Like any other large swamp dwelling reptile.
Robert Scheer:
It is instructional that only one of the three tax-challenged Obama appointees has survived public scorn to retain a high position in the new administration. Oddly enough, it is Treasury Secretary Timothy Geithner, the man who will collect our taxes, whose career has not been stunted by his failure to pay them.
What makes Geithner so special? The answer, provided by everyone from the president to the media pundits, is that his services are indispensable because he has the expertise in regulating markets needed to preside over the most massive government intervention in the economy. Are they kidding?

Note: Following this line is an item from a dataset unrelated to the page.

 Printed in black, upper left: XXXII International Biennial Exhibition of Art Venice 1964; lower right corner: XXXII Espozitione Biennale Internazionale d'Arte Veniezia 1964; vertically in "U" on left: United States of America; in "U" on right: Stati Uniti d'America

Both in his years in the Clinton treasury and as chair of the New York Federal Reserve Bank, Geithner has been paving the way for a runaway Wall Street. Nor has he changed his ways, as was evidenced once again last week with his appointment of Mark Peterson, a Goldman Sachs vice president and lobbyist, to be his top aide. Peterson had lobbied strenuously for precisely the deregulation that the Obama administration now concedes needs reversing. It was confirmation that Goldman Sachs runs the Treasury Department—no matter which party is in power...

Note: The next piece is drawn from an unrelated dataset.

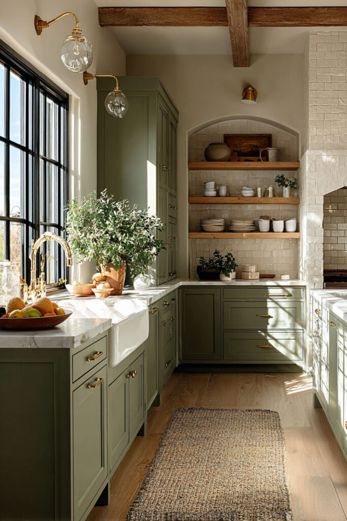 Lighting changes everything in a green and cream kitchen, and warm-toned fixtures make the whole palette come alive. Brass or gold-finished pendants over the island or dining table cast an amber glow that deepens the green cabinets and warms the cream walls, especially in the evening. I really recommend a pair of dome-shaped brass pendants — simple enough to look timeless, warm enough to make the room feel like it’s always golden hour. A muted green kitchen bathed in warm light feels like a space where you can breathe. And if you’ve spent the last twenty years putting everyone else first, having a kitchen that literally glows around you is a pretty wonderful thing. It’s not extravagant — it’s just right.

Meanwhile, the financial meltdown continues to be Mission Accomplished for the Right Thinking Amerika, a.k.a. the military-industrial complex:
Wind and solar power have been growing at a blistering pace in recent years, and that growth seemed likely to accelerate under the green-minded Obama administration. But because of the credit crisis and the broader economic downturn, the opposite is happening: installation of wind and solar power is plummeting...
or
Sen. Max Baucus (D-MT) — citing “obstacles” such as the economy, energy legislation, Iraq and Afghanistan, and the deficit — said at a conference today that health care reform is unlikely to happen this year. As Finance Committee Chairman, Baucus plays a key role in pushing through health care legislation...
or
WASHINGTON — Senator Judd Gregg, named by President Obama on Tuesday as the choice for commerce secretary, once supported eliminating the department he is to lead. He differs with his boss-to-be in favoring oil drilling on the coast of an Alaska wildlife refuge. He promotes a lighter touch with China than does the president. And he disagrees with him in backing private accounts for Social Security...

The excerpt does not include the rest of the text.